North American selling prices for polypropylene resin took another big dive in March, as regional prices for solid polystyrene and PVC ticked up once again.
PP prices declined by an average of 6 cents per pound in March. Prices had fallen by a similar amount in February after jumping up 9 cents in January. Some 21 cents of combined price movement in three months is a lot for a commodity material, even one as volatile as PP.
The 6-cent March drop matched a similar price decline for polymer-grade propylene (PGP) feedstock. Supplies of both PP resin and propylene monomer have improved after a winter cold snap affected production in the Houston area. That cold snap led to the 9-cent January Jump.
Scott Newell, a PP market analyst with Resin Technology Inc. in Fort Worth, Texas, thinks the 6 cent March price drop will be "the last big decline" seen for a while. A major PP buyer in the Midwest told Plastics News that an April price reduction could be around 2 cents.
"Any PGP movement in April will be much more modest," Newell added. "The U.S. now has the lowest PGP price globally. That should help demand."

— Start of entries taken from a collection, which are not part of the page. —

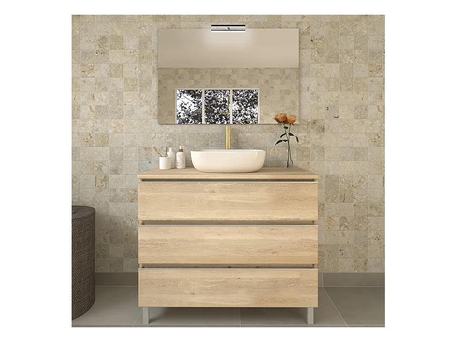 Meuble de salle de bain 3 tiroirs avec vasque à poser arrondie et miroir avec applique PALMA - Bambou (chêne clair) - 100cm
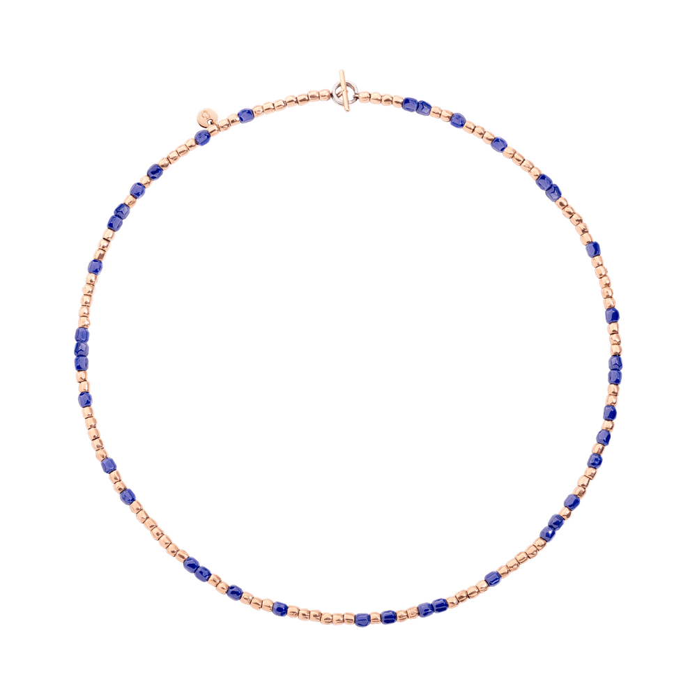 Mini granelli necklace in 9K rose gold and blue ceramic, chain and brisè ring closure in steel, t-bar in 9K rose gold, plaquettes in 9K rose gold and steel. Needle in sterling silver included.
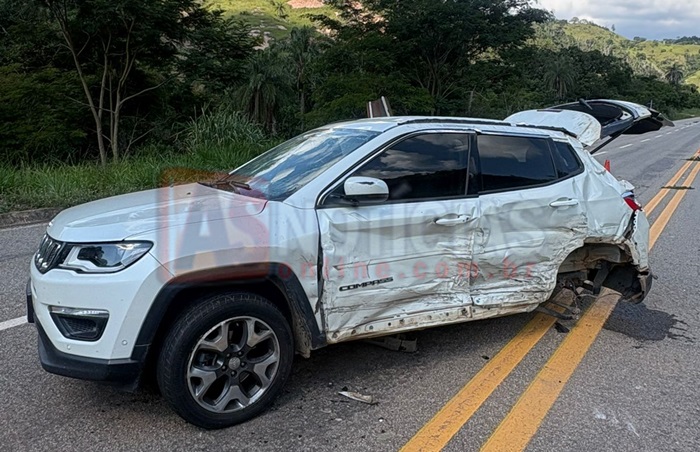 Com o impacto, o Jeep Compass capotou diversas vezes na pista, parando posteriormente sobre as rodas. No veículo estavam três ocupantes: o condutor, de 38 anos, sua esposa, de 34 anos, e o filho do casal, de 6 anos. Apesar da gravidade do acidente, não houve feridos graves. A mulher e a criança foram encaminhadas ao hospital de Santa Maria de Itabira por estarem abaladas emocionalmente.
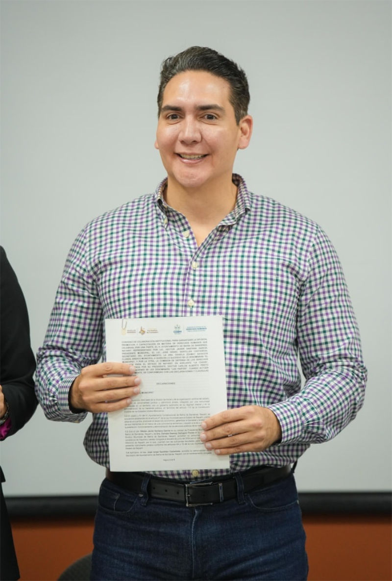 El H. XII Ayuntamiento de Bahía de Banderas formalizó la firma de un convenio de colaboración con la Comisión de Defensa de los Derechos Humanos para el Estado de Nayarit, con el objetivo de fortalecer la atención, promoción y protección de los derechos fundamentales en el ámbito municipal.
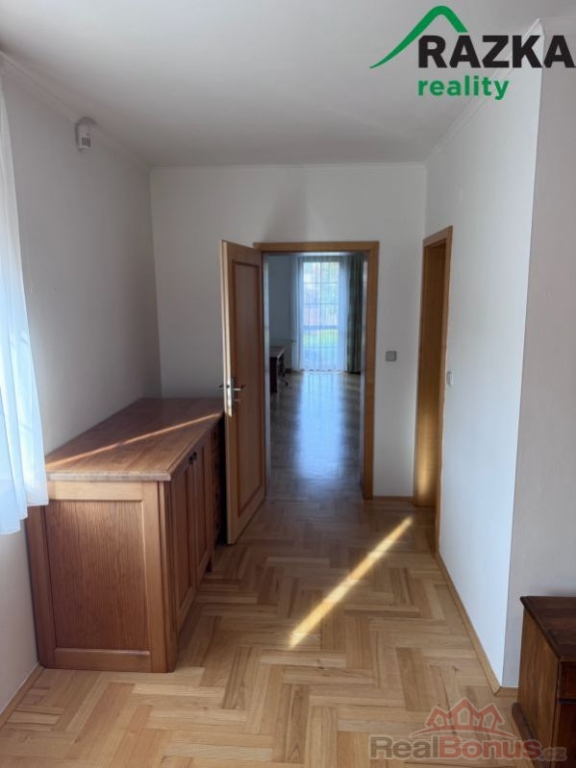 Přízemí prostorný obývací pokoj se vstupem na terasu, kuchyň se spíží, ložnice s vlastní koupelnou, samostatné WC a přístavba s rohovým vnitřním bazénem a druhou terasou.
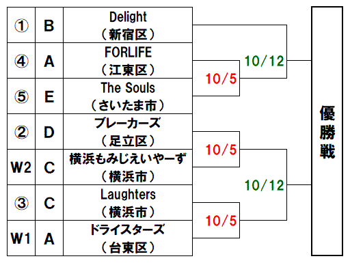 | 上段は総合力でDelight(新宿区)がリードしている。絶対的エース・石川は失点を計算でき、打線も土江・本田・飯田で組むクリーンアップを中心に力のある打者が揃う。対抗はレギュラーシーズンで1試合平均8得点を挙げた強打のFORLIFE(江東区)で、得意の打ち合いに持ち込みたい。The Souls(さいたま市)は経験値の高い40代のバッテリーを擁する。ベテランのインサイドワークで失点を防ぎ、自分たちのペースに持ち込みたい。下段は激戦区。打力と機動力を兼ね備えるブレーカーズ(足立区)がわずかに優位だが、実力差は紙一重だ。まずは好リードオフマン・伊能が楽しみな横浜もみじえいやーず(横浜市)がぶつかる。強打の3番・佐藤を中心に2年連続でCS出場のLaughters(横浜市)はリーグ戦参加25年の大ベテランチーム、ドライスターズ(台東区)と対戦する。Laughtersは昨年あと1勝で逃した夢舞台へ、意識も高い。ドライスターズはプロスタを決めれば実に14年ぶり2度目となり、夏の甲子園ばりの劇的な展開が待っている。 |
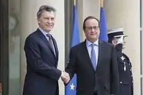 French President François Hollande sent a telegram to Macri and expressed "We will have the opportunity at that time to deepen our dialogue and our bilateral relationship that is one of the densest known to the Latin American continent". Hollande also confirmed a state visit to Argentina in February 2016.[103] Upon congratulating President Macri on his victory in the 2015 election, President Hollande announced that he would visit Argentina in February 2016. During his state visit to Buenos Aires on 24–25 February 2016, Macri and Hollande signed 20 bilateral agreements.[104]

He also said North American PP demand has had seven straight months of below average demand, so March demand numbers "will show a decent pop."
The weak PP demand that Newell was referring to was seen in sales data for the first two months of 2018 from the American Chemistry Council. North American PP sales for that two-month period were down almost 4 percent vs. the same period in 2017. A domestic sales decline of almost 3 percent was worsened by a plunge of almost 28 percent for sales into the export market.
Prior to the February slide, North American PP prices had increased for seven consecutive months, with those increases totaling 19.5 cents per pound. Higher domestic demand combined with supply outages had played a role in these price hikes.